[Problem to solve] The lines from the top of the material through the line with "Klassisk Wedgewood vase" are to be set down exactly. Leave the pictures out.
- Opening Delimiter -
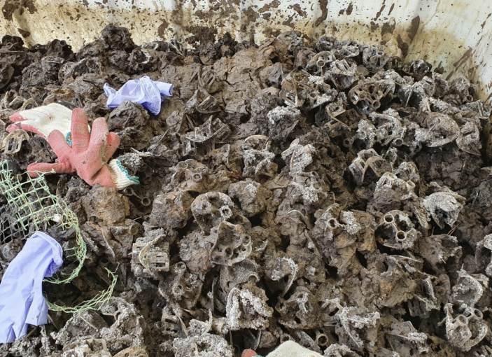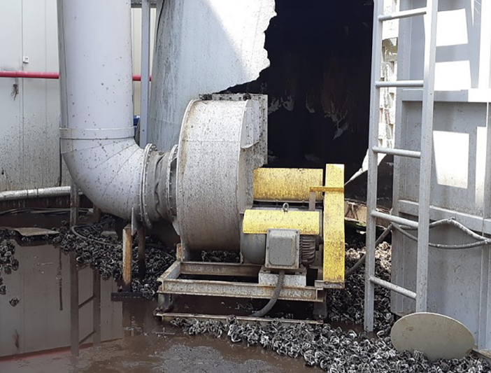 찌꺼기가 끼어있는 세정탑(스크러버) 내부 충진재
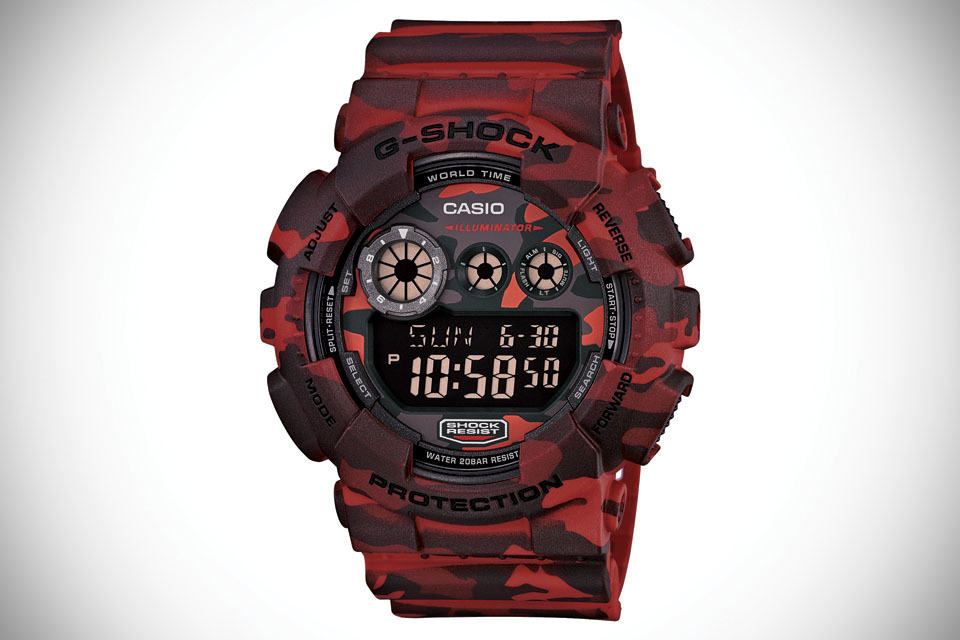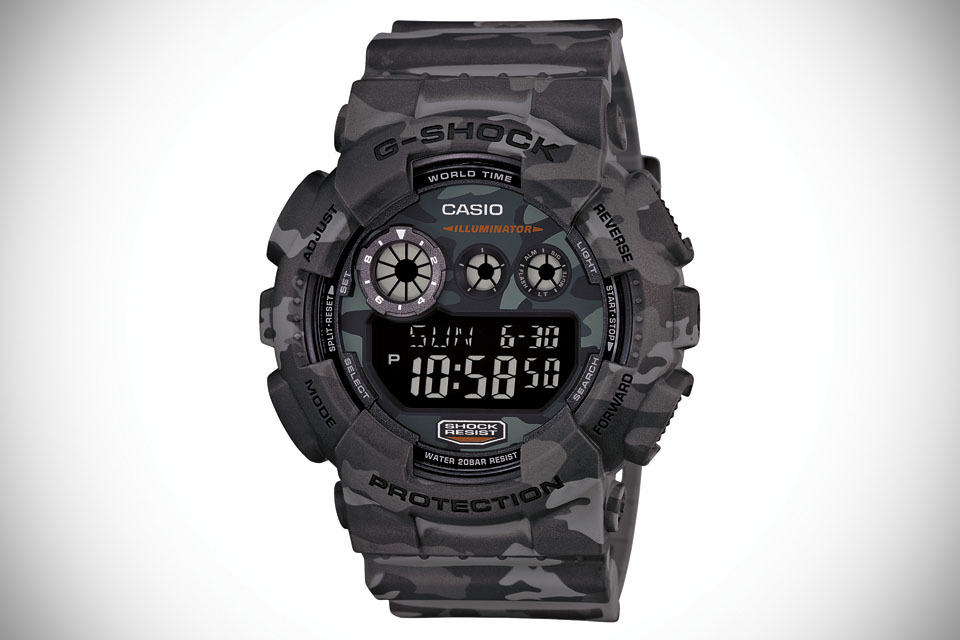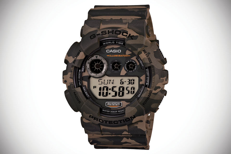 G-SHOCK has been known for its super rugged qualities, but yet it has never been associated with another rugged design element: camouflage, well, that is until now. meet the G-SHOCK Camouflage Watches, a series of rugged digital timepiece presented in an all-over coating of a classic tiger and woodland camouflage prints. kicking off the series is the GDX6900CM featuring a tiger camo design covering the case, band and dial. the XL GDX6900CM has a 53.9 mm case diameter and is available in a choice of two colorways: tan and grey. key features include water resistant to 200M (656 feet), MIL-STD-810G military standard shock resistant, auto Super Illuminator LED light, 3 multi-function alarms, 1/100th stopwatch, countdown timer, 12/24-hour time formats, 48-city world time and a 10-year battery.
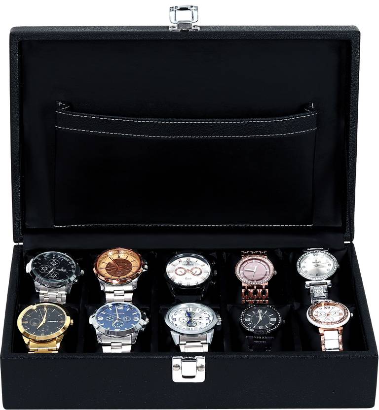 Hard Craft Storage Organizer For Men & Women Hand Crafted in High Quality Leather Watch Box (Black, Holds 10 Watches)
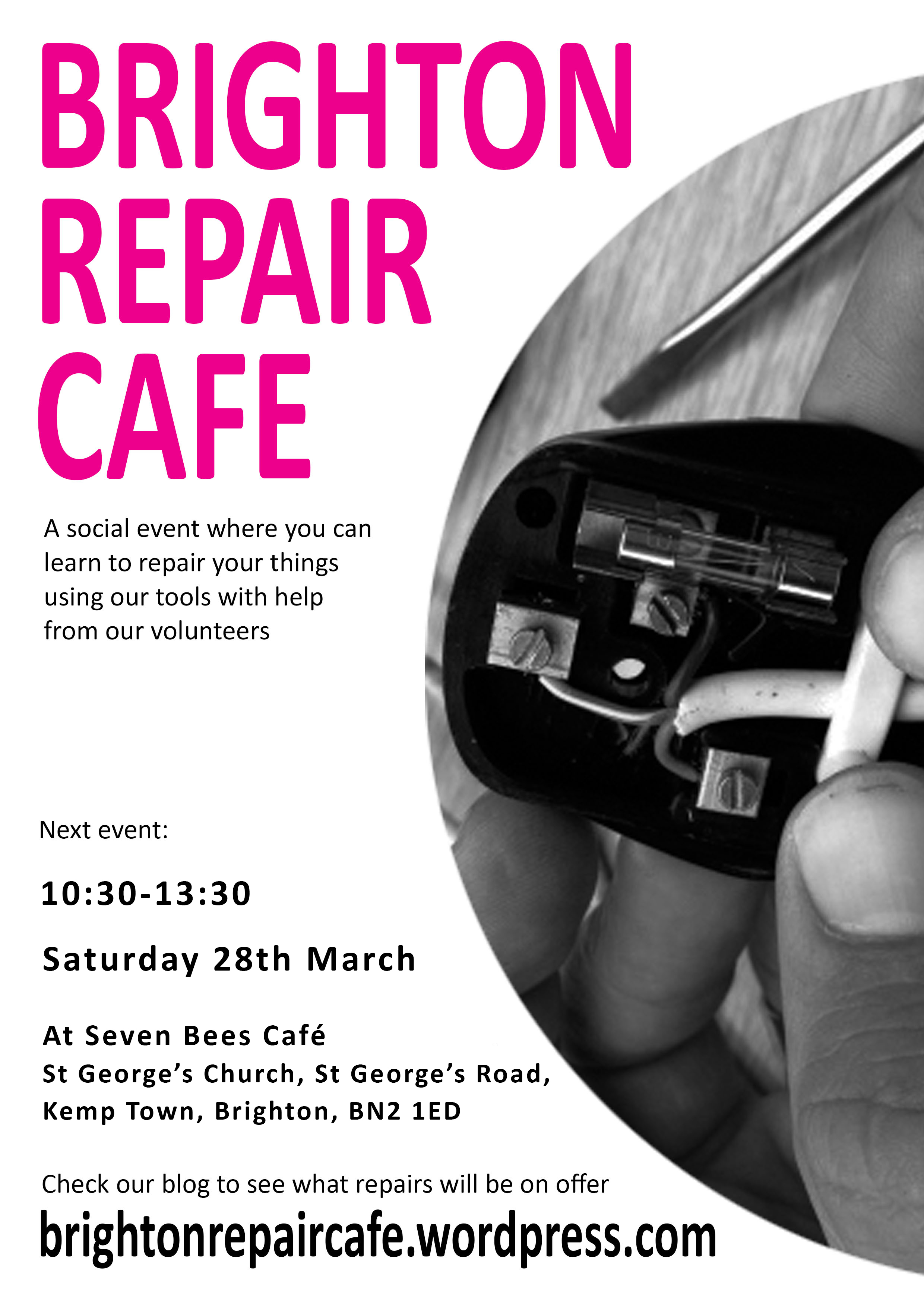 At our next event on 28th March 10:30-13:30 at St George’s Church, Kemp Town we will be able to help you with the following repairs:
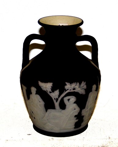 Klassisk Wedgewood vase I sort og hvid 15.5 cm
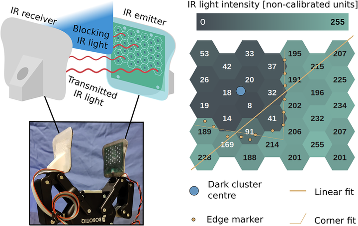 UnfoldIR 9 tactile sensors. One fingertip emits infrared (IR) light, the other receives it. A grasped layer of cloth reduces the light captured by the receiver grid, as can be seen in the exemplary sensor readout (right).
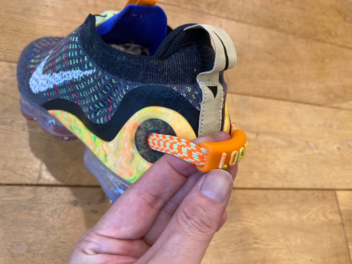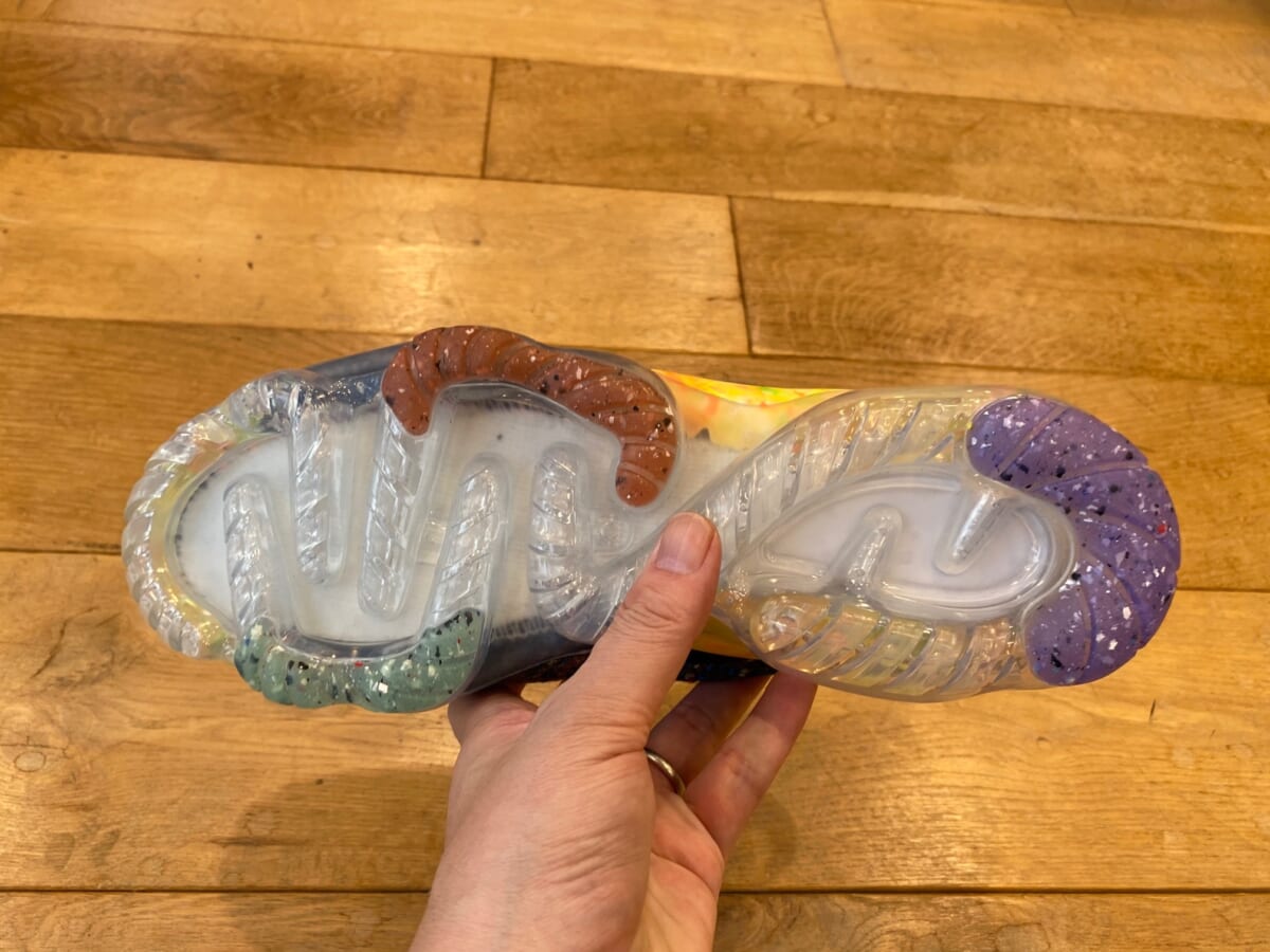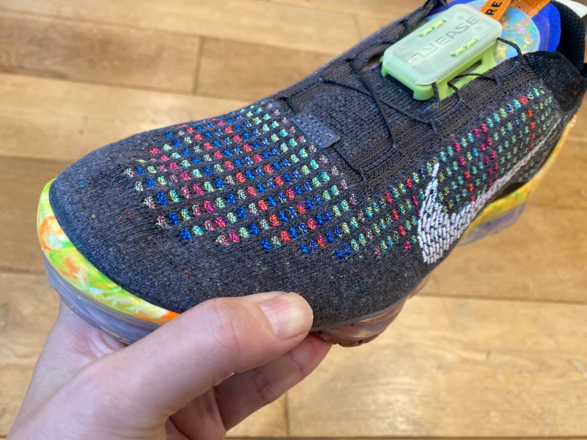 本作は重量の50%以上に、廃棄素材から紡いだリサイクル素材を使用。マルチカラーの色彩は、廃棄物の山の鳥瞰図からインスパイアされているんです。そしてシューレースには、障害の有無に関わらず、すべての人が着用しやすくすること目指した「FlyEase(フライイーズ)テクノロジー」を採用するなど、大幅にバージョンアップしています!
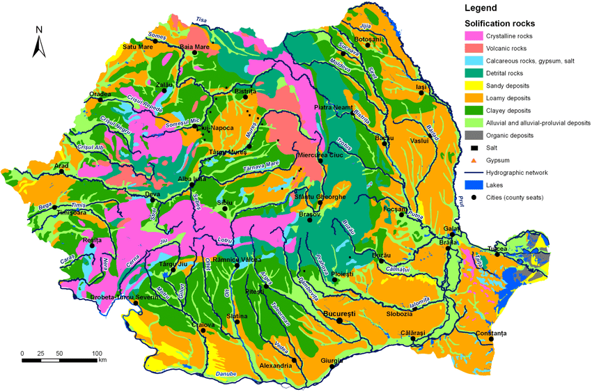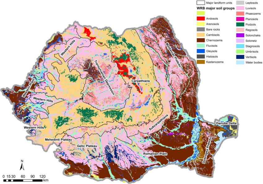 Les sols des vignobles roumains sont d’une grande diversité. Topographiquement, les conditions varient de la Mer Noire (25 m d’altitude pour Constanta) à des altitudes de 600 à 700 m. Entre ces altitudes, on trouve différentes formes de relief: plaines alluviales, plaines (de différents types), des contreforts dans des Carpates, des collines et des plateaux avec des conditions variées de types de roches, de topographie, d’hydrologie et qui créent de nombreux climats et de microclimats.
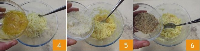 Fügen Sie das Ei zu den Kartoffeln hinzu 4. Geben Sie dann auch den geriebenen Käse 5 und das Haselnussmehl 6 hinzu. Mischen Sie die Zutaten gut mit einem Löffel, bis Sie eine homogene Masse erhalten.
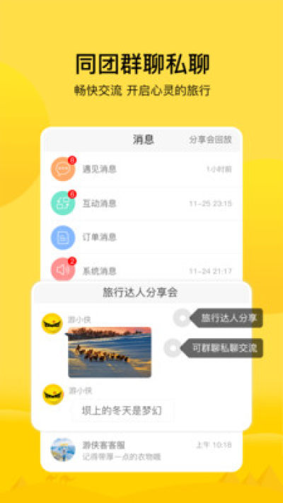 - 旅游约伴,同团交流、私聊团友,帮你约到暖男萌妹、摄影高手、户外达人,和有趣的人一起在路上;
- Closing Delimiter -
[Answer below]
 찌꺼기가 끼어있는 세정탑(스크러버) 내부 충진재
 G-SHOCK has been known for its super rugged qualities, but yet it has never been associated with another rugged design element: camouflage, well, that is until now. meet the G-SHOCK Camouflage Watches, a series of rugged digital timepiece presented in an all-over coating of a classic tiger and woodland camouflage prints. kicking off the series is the GDX6900CM featuring a tiger camo design covering the case, band and dial. the XL GDX6900CM has a 53.9 mm case diameter and is available in a choice of two colorways: tan and grey. key features include water resistant to 200M (656 feet), MIL-STD-810G military standard shock resistant, auto Super Illuminator LED light, 3 multi-function alarms, 1/100th stopwatch, countdown timer, 12/24-hour time formats, 48-city world time and a 10-year battery.
 Hard Craft Storage Organizer For Men & Women Hand Crafted in High Quality Leather Watch Box (Black, Holds 10 Watches)
 At our next event on 28th March 10:30-13:30 at St George’s Church, Kemp Town we will be able to help you with the following repairs:
 Klassisk Wedgewood vase I sort og hvid 15.5 cm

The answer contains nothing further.